It's more interesting if they've managed to fully protect the kernel part of this (ie. vmm on OpenBSD, KVM on Linux) from the rest of the kernel.

JoachimSchipper · on Oct 13, 2016

I'm not clear - do you want to protect the vmm driver in the host from attacks started by the rest of the host kernel? Or are you referring to attacks started by the guest on the http://man.openbsd.org/virtio.4 interface?

OpenBSD's VMs seem to be pledge()d to not call most host-side kernel interfaces...

rwmj · on Oct 13, 2016

I'm referring to a mistake in the kernel module corrupting some other in-kernel structures, especially if that can be triggered from guest code.

4ad · on Oct 13, 2016

There is no privilege separation between kernel modules. They all run in the same address space with the same CPU privilege.

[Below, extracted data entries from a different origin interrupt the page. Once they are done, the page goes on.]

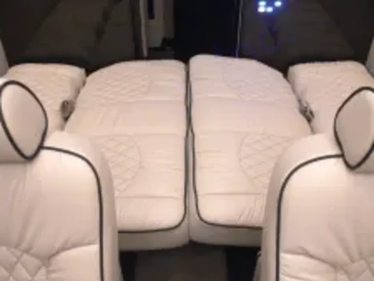 Designed more for family use, there are six beautifully plush captain’s chairs and two bench seats. All passengers travel in comfort and style whether it’s a weekend excursion with family, a week-long vacation with grandparents and kids, or golfing with friends.The spacious interior is truly amazing. The classy Maybach ceiling allows plenty of headroom for passengers to freely stand up and walk around. Middle captain’s chairs swivel so guests can either face forward or turn around and have a conversation with passengers in the back. It’s perfect for all occasions–both in a family configuration or a night on the town. The third row of captain’s chairs has power footrests and fold-away solid wood lap tables–great for relaxing, reading, working on a laptop, playing games, or watching TV on one of the flat screens. And, let’s not forget the two comfortable couches in the back that make a bed for a quick nap or an overnight excursion. There’s even a large dorm-size refrigerator and microwave conveniently tucked away but within reach for drinks and snacks while on the road. There is a private bathroom for use on longer extrusions as well.
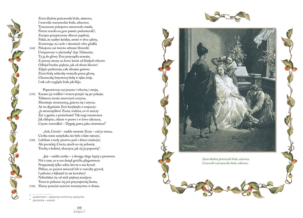 Książka od razu zwróciła na siebie moją uwagę, kiedy razem z mamą weszłam do księgarni. Twarda, barwna okładka i "bogate wnętrze" sprawiają, że całość prezentuje się okazale, a wzrok sam wędruje w kierunku książki. (...) Treść wzbogacono także o ilustracje Michała Elwiro Andriollego (artysty i rysownika, a także przyjaciela najstarszego syna Mickiewicza) z 1882 roku. Artysta w bardzo dobry sposób zinterpretował, a następnie zobrazował, treść utworu Adama Mickiewicza. Jego prace nie tylko oddają ducha epoki, ale również prezentują czar Soplicowskiego dworku, a także niezapomnianych bohaterów. Widać, że autor tych dzieł poważnie potraktował poemat i podszedł do zadania z pełną powagą oraz należytym szacunkiem (...)
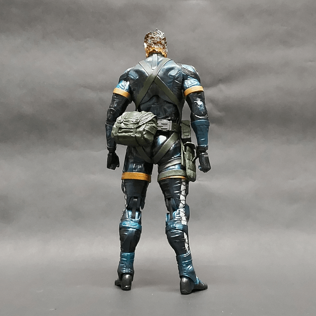 プレイアーツ改 METAL GEAR SOLID V GROUND ZEROES スネーク メタリックver.(限定仕様)は今年(2024年)から見ると10年前のアクションフィギュアになりますが、こちらのスネークから新構造を採用しており、以前のプレイアーツ改シリーズよりも滑らかでスムーズな肘・膝の可動ラインを実現しています。首や足首、肩には軟質樹脂を使用し、自然な動きと広い可動域を確保。スネークの鍛え抜かれたボディラインと筋肉の質感が見事に再現され、その独特の緊張感と屈強感を感じさせる立体化となっています。ナイフ、ライフル、ハンドガンなどの武器も細部まで精密に再現し、『METAL GEAR SOLID V GROUND ZEROES 』の劇中CGを忠実に再現した頭部はスコープ装備のものに交換することが可能。様々な劇中シーンを再現し、展示して楽しむことが出来ます。こちらの限定仕様のスネークはメタリック塗装になっており、外見の美しさはもちろんですが、通常版に比べると濡れたスーツの表面に光が反射しているような印象も受けます。『METAL GEAR SOLID V GROUND ZEROES 』はトレーラーの影響もあって雨天の夜間ミッションが記憶に残っている方も多いと思いますので、そういった方には限定仕様のメタリックver.はとてもお勧めです。

SELinux, seccomp, and all that protect a compromised user space thread in the host (responsible for running emulated guests, or one that provides virtual device support to guests) from other user space threads (other VMs). If there is a some problem in the KVM kernel module that stomps over memory, SELinux and seccomp can't do anything about it.

rwmj · on Oct 13, 2016

Right, exactly the point I made up-thread (https://news.ycombinator.com/item?id=12700045).

brynet · on Oct 13, 2016

OpenBSD has no kernel modules, everything compiled into the GENERIC kernel is expected to be using proper kernel interfaces, mucking around with kernel structures is a no-no.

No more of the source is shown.